I rushed across the car and pressed against him. My lips found his, and I tried to give him everything in that kiss. I wanted to give him my soul so I didn't let the kiss end. When he was about to pull away, I held on tighter.

"I won't let her change anything." I couldn't.

As we headed inside, the raised voices carried over us. I was sure the neighbors could hear when my mother shrieked before something shattered in the next room. My feet froze in place. My heart lurched into a stampede and a wave of dizziness swept over me. Good god. I was transported back to another time when my mother threw a fit. She screamed bloody murder that night, so long ago, as she tore pictures to pieces. She threw plates across the room. A bat was taken to the China cabinet. All the dishes had been destroyed. At the end of her fit, four hours later, there had been nothing left intact.

"You did this!"
she raged as she pointed her finger at me.

But that'd been six years ago. I was a month away from turning into an adult. I swallowed those emotions and pushed them down. I hadn't been haunted by them for so long; I wasn't going to start now. She wouldn't have that power over me.

"You okay?" Mason tugged on my hand with a frown.

Sweat broke out on my forehead. Heat flared inside of me. He couldn't see me like this. I had kept it together for so long; I didn't want him to see how that night had left me broken. So I swallowed all of it and nodded.

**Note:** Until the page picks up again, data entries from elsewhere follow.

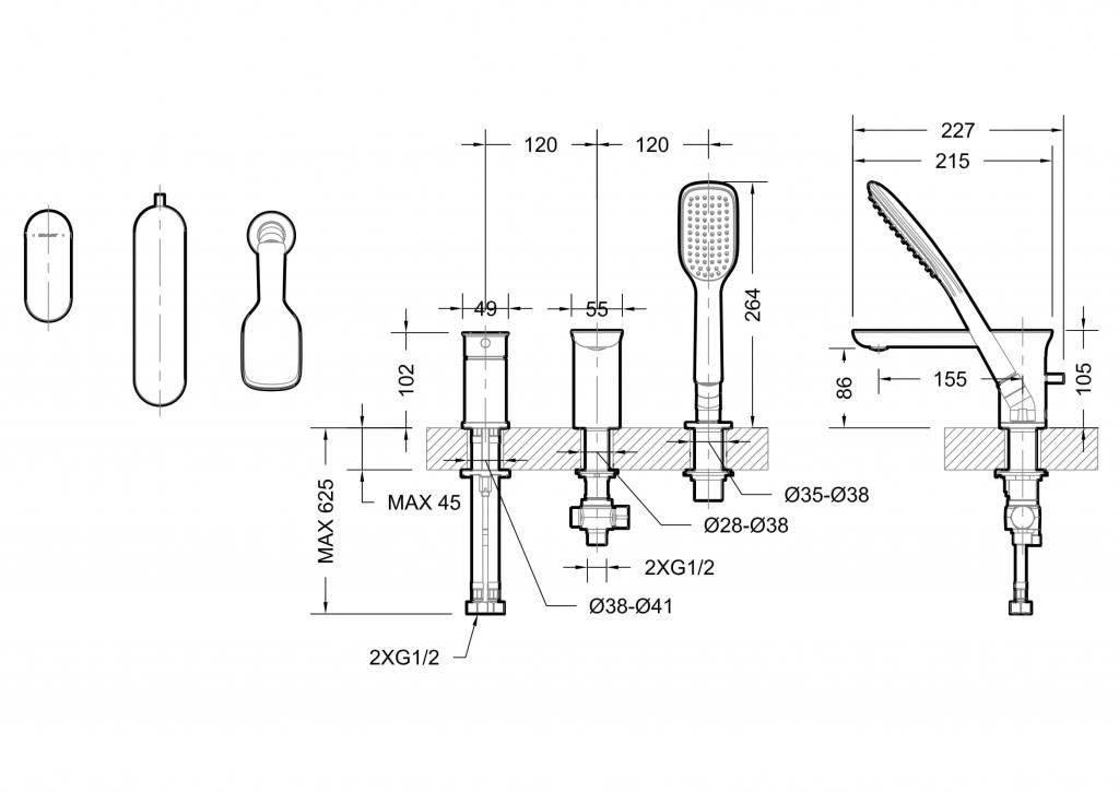 Встраиваемый смеситель на 3 отверстия Bravat Gina на борт ванны F565104C-2-ENG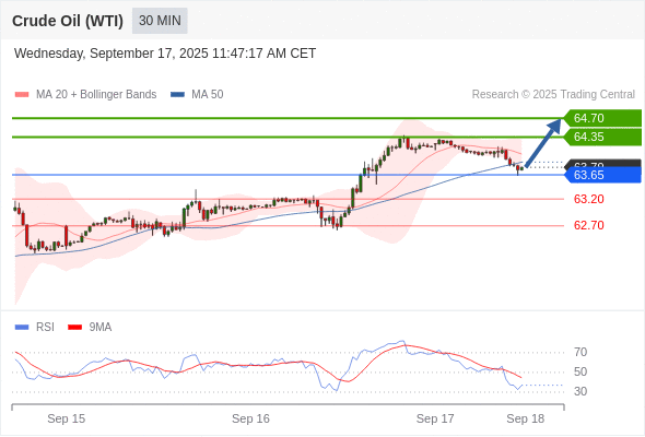 在 63.65 之上,看涨,目标价位为 64.35 ,然后为 64.70 。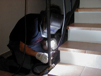 | Der fertige "Rahmen", der wieder zerlegt und in der Bergener Werkstatt mit Stäben gefüllt wird und für den jetzt auch passgenau der Handlauf geschmiedet werden kann. | Der Meister bei der letzten Schweißsarbeit am Fusse der Kellertreppe. |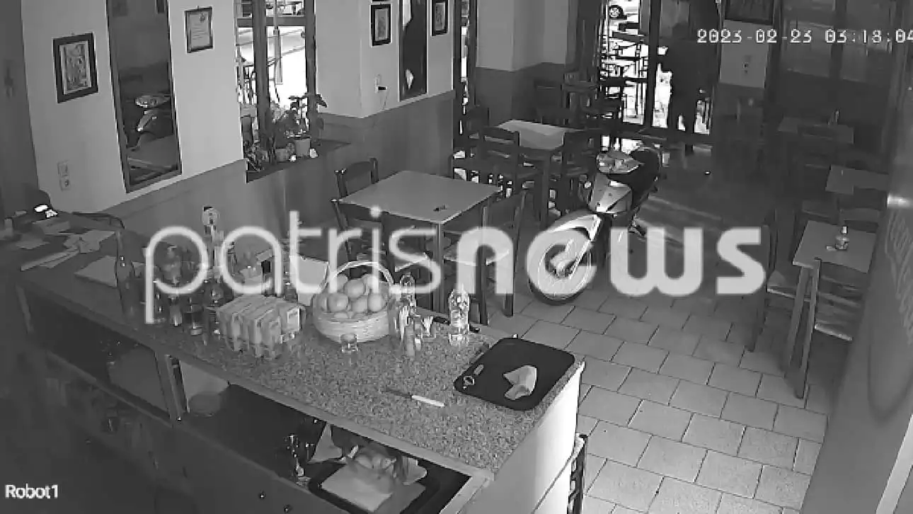 Στο υλικό από το κλειστό κύκλωμα παρακολούθησης διακρίνεται καθαρά ο ένας από τους τέσσερις αγνώστους να αφαιρούν την ταμειακή μηχανή, που περιείχε τις εισπράξεις της ημέρας, ενώ οι τρεις διαρρήκτες ερευνούν τους υπόλοιπους χώρους του καφενείου, προσπαθώντας να εντοπίσουν κάποιο αντικείμενο αξίας.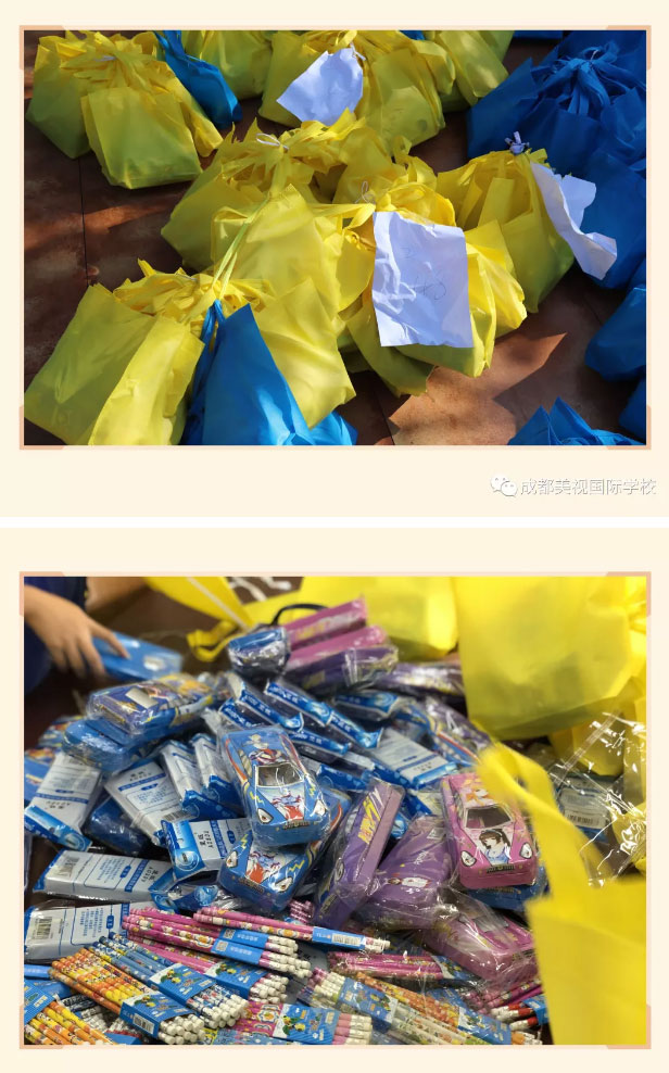 讓美視的孩子告訴您。這些禮物是在2019年6月1日美視中國部·小學(xué)“美視嘉年華”活動中,學(xué)生作品“拍賣”以及家長“美食義賣”善款,所有善款共計12611元。善款由校家委會收取、監(jiān)督和采購此次活動物資。

I tried to remember that I was seventeen. We were in a different home. We had a different life now.

"Sam."

"Yes?" The word ripped from my throat. I winced as I heard how hoarse my voice was. But then I was taken aback when he lifted his hand and brushed away some tears. His hand was cool against my skin. I breathed his touch in. It was soft, tender. I needed at that moment. Hell. I needed his strength. My mother had taken all of mine in that one second.

"Hey, hey." He stepped close to me and framed my face in his hands. He peered down with concern. "What's wrong?"

I shook my head and pulled away.

"Stop."

I brushed his hands away.

"She did this to me!"

I jumped back from the ferocity in her scream. There was a rage there that I thought she had lost it so long ago, but I was wrong. I wondered if she'd kept hidden from James? Had it been there the whole time?

I swallowed a breath. My shoulders lifted up and rolled back. I knew what I would face in the next room, and then I stepped forward. I was ready for it.

Logan laughed before he ended it with a snort. "Are you fucking with me? No wonder she ran away from you."

"Logan!"

Analise screamed again before something shattered once more.

Logan cheered, "Do it again! Do it again, Psycho Woman!"

"Logan, shut up!"

"Oh, come on, dad. Look at her. She's crazy—"

I stepped around the corner, with Mason right behind me. The amusement fled from Logan as he took in the sight of us, or me. I couldn't have looked normal as my heart was pounding. My gut was telling me to run away from her. But I didn't. Mason brushed his hand against mine as he stepped around to shield me.

James swallowed when he looked up, but I couldn't take my eyes from my mother.

Analise was in her bathrobe with her hair done up. She looked like they had gone to a formal event the night before and she had gone to bed with her hair and make-up still done up. But there were black splotches on her face from where her mascara bled and her eyes were wild. Some of her hair stuck up, and she never calmed the strands. A plate was in her hand, but she lowered it as she raked me over with her eyes. They were cold, so cold. A chill went down my back.

This was the mother I feared from so long ago. She was back.

"You," she seethed.

I scrambled back a step before I realized what I was doing, but it was too late. Triumph flared in her depths. She still had that power over me, and her chest swelled up. As I watched her, I could see the power swelter inside of her. She thrived on it, but then Logan jumped to his feet. He had been sitting on a chair in the back. He cursed now.

She sucked in her breath and turned. I knew she was ready to blast him.

"And you want to know why we took off?" Mason's icy tone stopped everything. He gestured towards his dad and then swept a hand towards Analise. "Look at her. She's off her rails, dad. I don't want Sam near her."